Hopefully this helps.
Best,
-greg
p.s. Note: while testing parts of this answer I uncovered a bug in
AdjustHs() that causes it to fail for molecules that include atoms with
"bad valences": https://github.com/rdkit/rdkit/issues/1605 This looks like
it should be easy to fix for the upcoming release.
On Thu, Oct 5, 2017 at 11:06 PM, Chris Murphy <chris.mur...@schrodinger.com>
wrote:
> Hi!
>
> I'm running at an issue with implicit hydrogens on aromatic heteroatoms.

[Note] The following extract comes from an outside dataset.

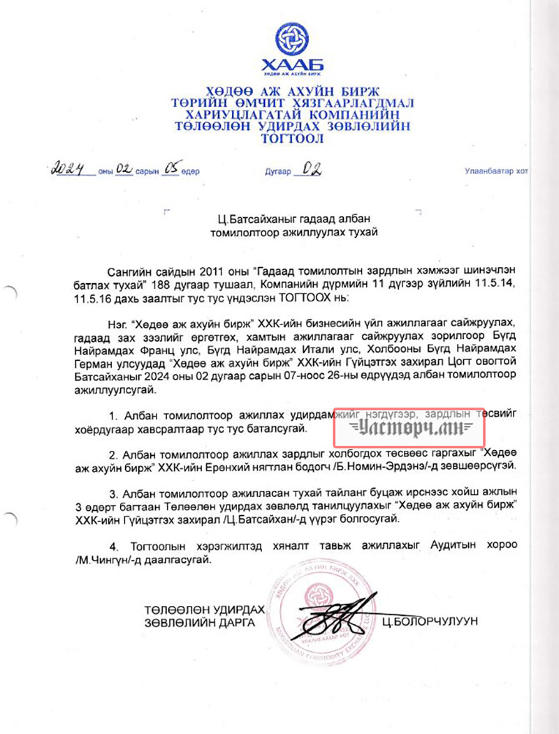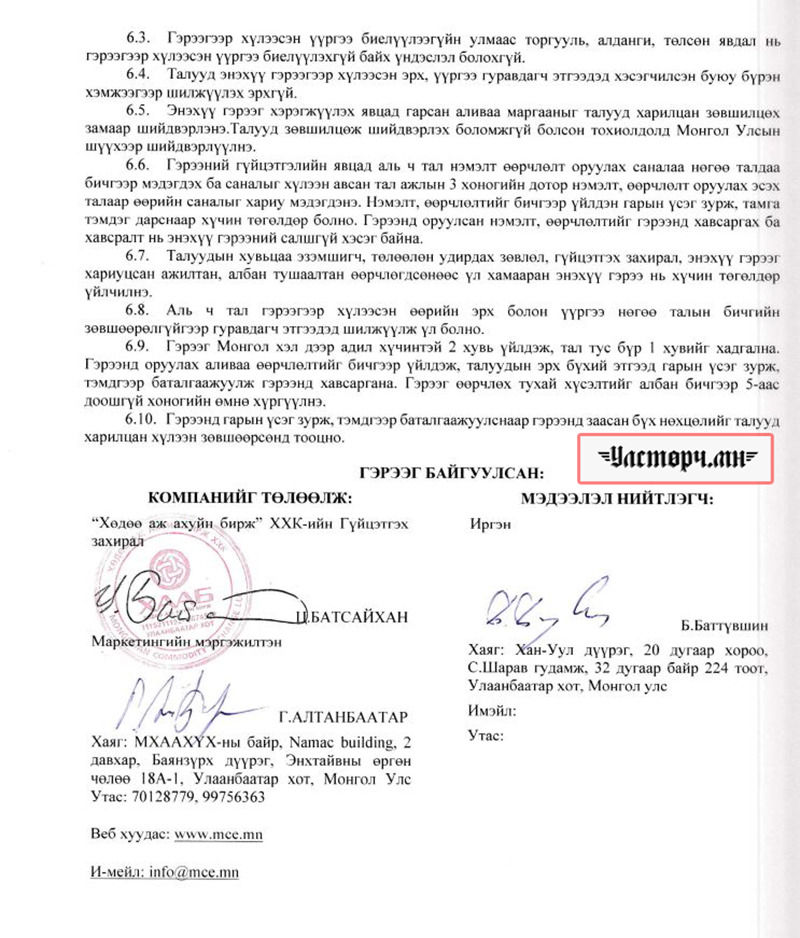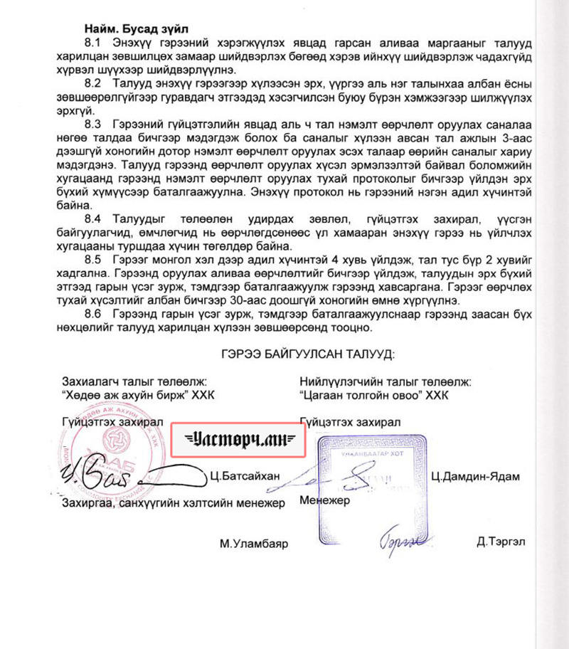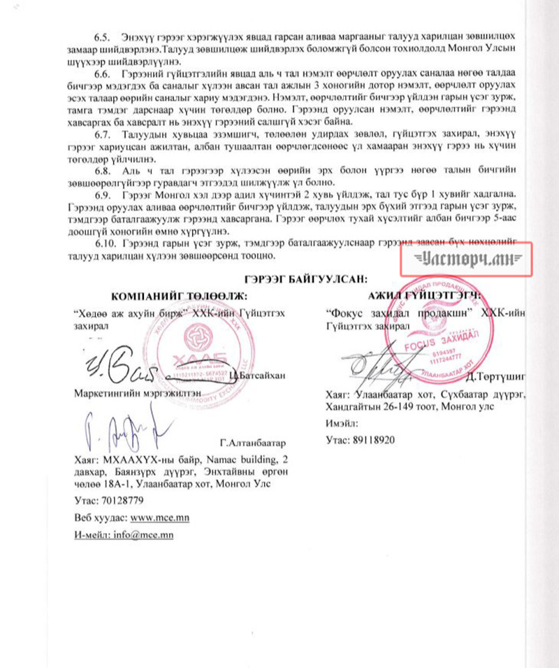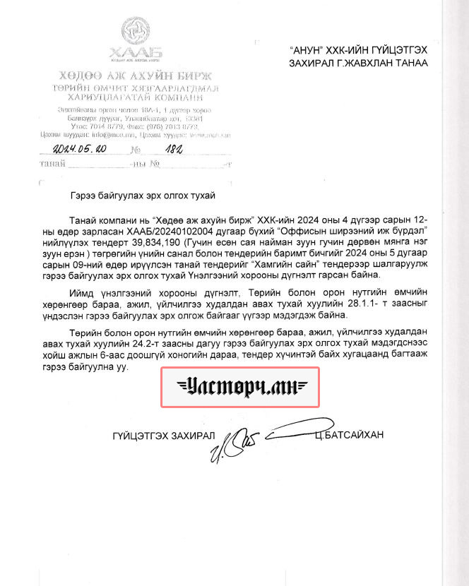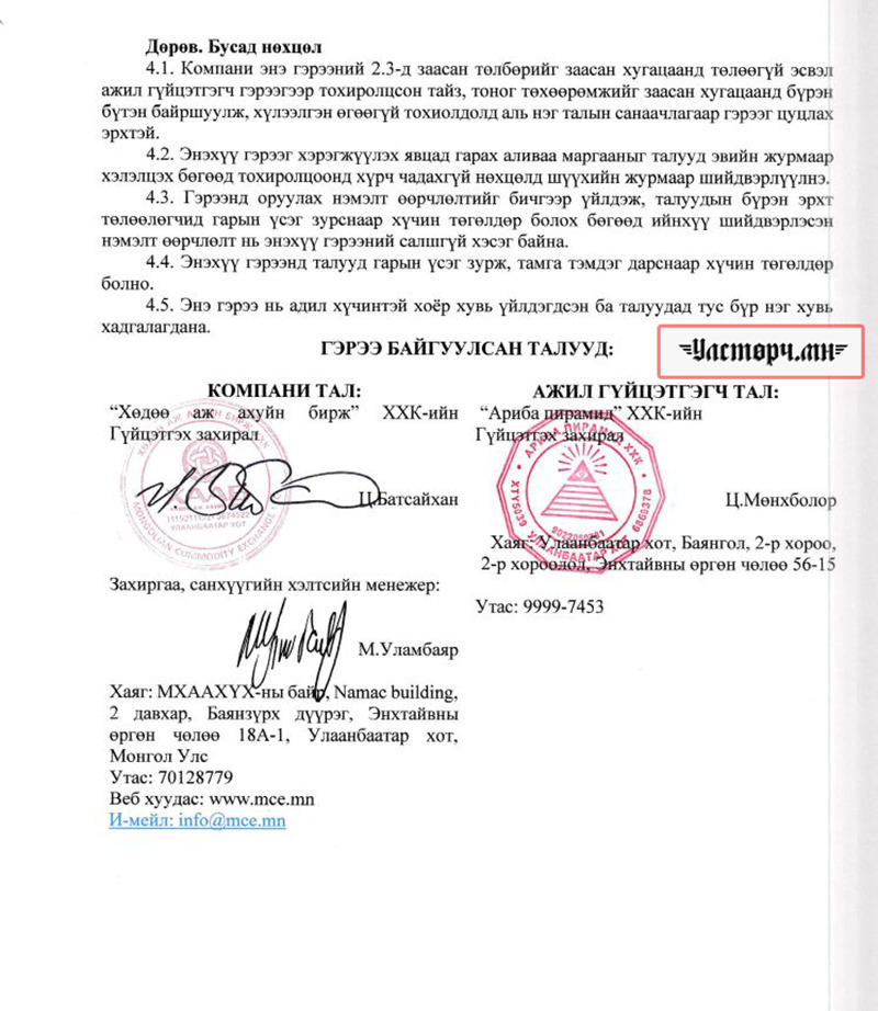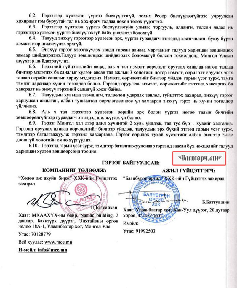 2024 оны 03 дугаар сарын 11-ний өдөр Хөдөө аж ахуйн бирж ХХК-ийн захирал Ц.БАТСАЙХАН нь “Баянбүрэн оргил” ХХК-ийн захирал Б.Баттүвшинтэй 24/19 тоот ажил гүйцэтгэх гэрээ байгуулж 15 сая төгрөг шилжүүлсэн бол өмнөх хоёрдугаар сард нь 24/07 дугаартай гэрээ хийж Б.Баттүвшинд хувьд нь мөн таван сая төгрөг гаргаж өгсөн байна.

I
> am feeding the following sdf into a mol object:
>
>
> Mrv16c5 10021719092D
>
> 28 31 0 0 0 0 999 V2000
> -2.9000 0.2076 0.0000 C 0 0 0 0 0 0 0 0 0 0 0 0
> -2.1871 0.6228 0.0000 N 0 0 0 0 0 0 0 0 0 0 0 0
> 0.0063 0.2957 0.0000 N 0 0 0 0 0 0 0 0 0 0 0 0
> -0.7486 0.6354 0.0000 C 0 0 0 0 0 0 0 0 0 0 0 0
> -1.4657 0.2118 0.0000 C 0 0 0 0 0 0 0 0 0 0 0 0
> 0.5599 0.9164 0.0000 C 0 0 0 0 0 0 0 0 0 0 0 0
> -2.9000 -0.6228 0.0000 C 0 0 0 0 0 0 0 0 0 0 0 0
> -2.1829 -1.0380 0.0000 C 0 0 0 0 0 0 0 0 0 0 0 0
> -1.4657 -0.6228 0.0000 C 0 0 0 0 0 0 0 0 0 0 0 0
> -3.6214 0.6228 0.0000 C 0 0 0 0 0 0 0 0 0 0 0 0
> -0.6731 1.4574 0.0000 C 0 0 0 0 0 0 0 0 0 0 0 0
> 0.1405 1.6335 0.0000 C 0 0 0 0 0 0 0 0 0 0 0 0
> 3.8646 0.5976 0.0000 C 0 0 0 0 0 0 0 0 0 0 0 0
> 1.3860 0.8367 0.0000 C 0 0 0 0 0 0 0 0 0 0 0 0
> 3.0384 0.6731 0.0000 C 0 0 0 0 0 0 0 0 0 0 0 0
> 4.3469 1.2687 0.0000 O 0 0 0 0 0 0 0 0 0 0 0 0
> 1.7257 0.0818 0.0000 C 0 0 0 0 0 0 0 0 0 0 0 0
> 1.8641 1.5161 0.0000 C 0 0 0 0 0 0 0 0 0 0 0 0
> 2.6861 1.4322 0.0000 C 0 0 0 0 0 0 0 0 0 0 0 0
> 2.5477 -0.0021 0.0000 C 0 0 0 0 0 0 0 0 0 0 0 0
> -2.1829 -1.8683 0.0000 Cl 0 0 0 0 0 0 0 0 0 0 0 0
> -3.6297 1.4532 0.0000 C 0 0 0 0 0 0 0 0 0 0 0 0
> 4.2085 -0.1656 0.0000 O 0 0 0 0 0 0 0 0 0 0 0 0
> -3.6214 -1.0463 0.0000 C 0 0 0 0 0 0 0 0 0 0 0 0
> -4.3385 0.1992 0.0000 C 0 0 0 0 0 0 0 0 0 0 0 0
> -4.3385 -0.6311 0.0000 C 0 0 0 0 0 0 0 0 0 0 0 0
> -4.3469 1.8600 0.0000 C 0 0 0 0 0 0 0 0 0 0 0 0
> -2.9042 1.8683 0.0000 C 0 0 0 0 0 0 0 0 0 0 0 0
> 2 1 1 0 0 0 0
> 3 4 1 0 0 0 0
> 4 5 1 0 0 0 0
> 5 2 2 0 0 0 0
> 6 3 1 0 0 0 0
> 7 1 1 0 0 0 0
> 8 7 1 0 0 0 0
> 9 8 2 0 0 0 0
> 10 1 2 0 0 0 0
> 11 4 2 0 0 0 0
> 12 11 1 0 0 0 0
> 13 15 1 0 0 0 0
> 14 6 1 0 0 0 0
> 15 19 1 0 0 0 0
> 16 13 2 0 0 0 0
> 17 14 2 0 0 0 0
> 18 14 1 0 0 0 0
> 19 18 2 0 0 0 0
> 20 17 1 0 0 0 0
> 21 8 1 0 0 0 0
> 22 10 1 0 0 0 0
> 23 13 1 0 0 0 0
> 24 7 2 0 0 0 0
> 25 10 1 0 0 0 0
> 26 25 2 0 0 0 0
> 27 22 1 0 0 0 0
> 28 22 1 0 0 0 0
> 24 26 1 0 0 0 0
> 9 5 1 0 0 0 0
> 6 12 2 0 0 0 0
> 20 15 2 0 0 0 0
> M END
> $$$$
>
> The nitrogen in the heterocycle should have 1 implicit hydrogen on it, and
> when I look at it after initially creating the mol object, it does. I want
> to convert it to aromatic form, so I am calling rdmolops.SetAromatize(mol).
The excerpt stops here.